Reviews and feedback

A Party with Socialists in it: A history of the Labour left

A welcome corrective, This book astutely appraises British politics’ most frustrating but important dissident tradition’
Guardian – Book of the day

‘Admirably clear-sighted’
New Statesman

‘At a very crucial time in British politics, his book helps us to fill in important gaps in our knowledge’-
David Coates, author of ‘Prolonged Labour: The Slow Birth of New Labour in Britain’
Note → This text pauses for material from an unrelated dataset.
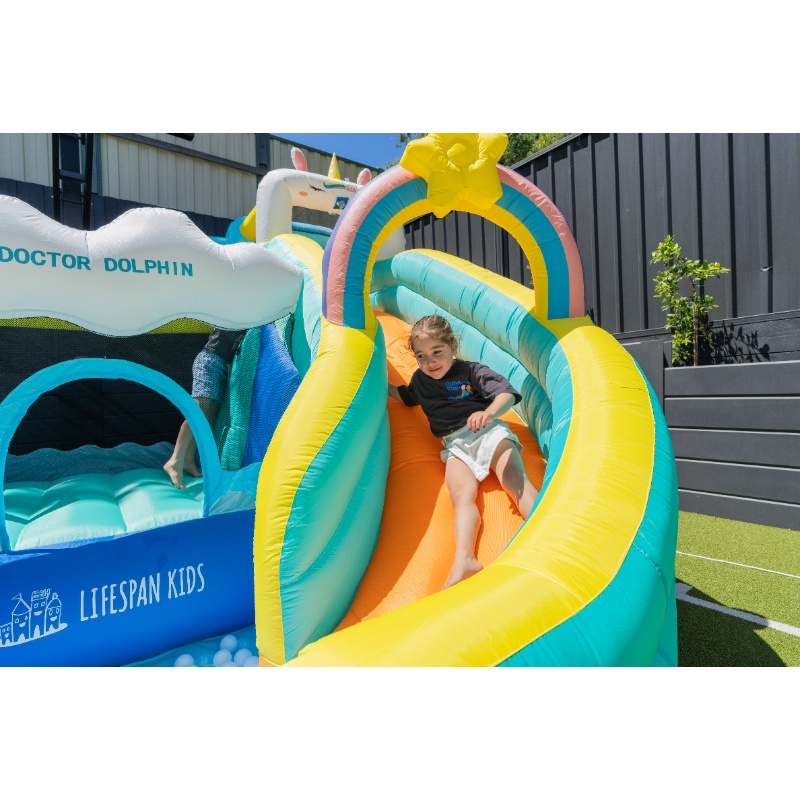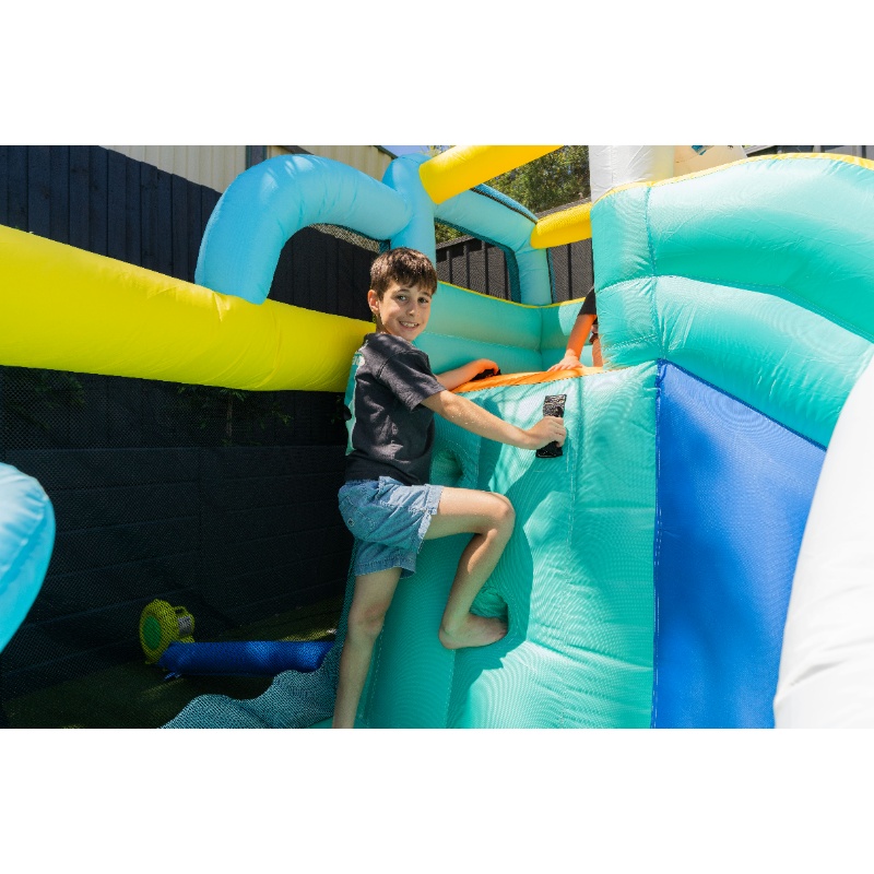 | Structure/Technical | Double Stitching for strength and durability. Space savvy when not used. Fun Climb and slide. UV Protected. Water-gun (requires garden hose). Anchor kit provided for anchoring to ground. |

“A well-timed explanation of the class contradictions at the root of the Labour Party from its creation to the present day”
Labour Briefing

“This is a cautionary tale, a story of high hopes and bitter frustration. Despite more or less dynamic and determined efforts, which Hannah describes in often fascinating detail, the left in the Labour Party has only rarely achieved its first aim of setting Labour’s policy agenda, and almost never its ultimate goal of getting radical left policies implemented by government.”
Counterfire

Can’t Pay, Won’t Pay – the Fight to Stop the Poll Tax

‘”A timely reminder that if the working class is to defend itself it cannot afford to wait for Labour. It must rely on its own power and independent organisation as much as holding its leaders to account”
Red Flag magazine

“Hannah’s excellent study locates the movement within a long history of popular resistance… This book will help to supply ideological arms for all those determined to resist when the Johnson government comes calling for us to pay the price of the Coronavirus crisis.”
rs21 website

Radical Lambeth

‘Lambeth was once the citadel of the municipal left, its baroque Town Hall in Brixton a bastion of proud, creative, multicultural socialism. This exceptionally timely book finds how a New Left took power here, how it faced the problem of ‘socialism in one borough’, and how it was gradually worn down by inertia from within and repression from without. It’s a great story, brilliantly told by Simon Hannah, and an exemplar, both positive and negative, that a new generation of London socialists could learn a great deal from.’
Owen Hatherley, author of Red Metropolis and culture editor of Tribune

‘This book is a welcome challenge to the longstanding myths and lies about Lambeth in the 1980s.’
Joan Twelves, former Lambeth Council leader

Radical Lambeth is thoroughly researched and a worthwhile read, and is an excellent introductory text for anyone interested in either the history of the borough or the politics of the 1980s.’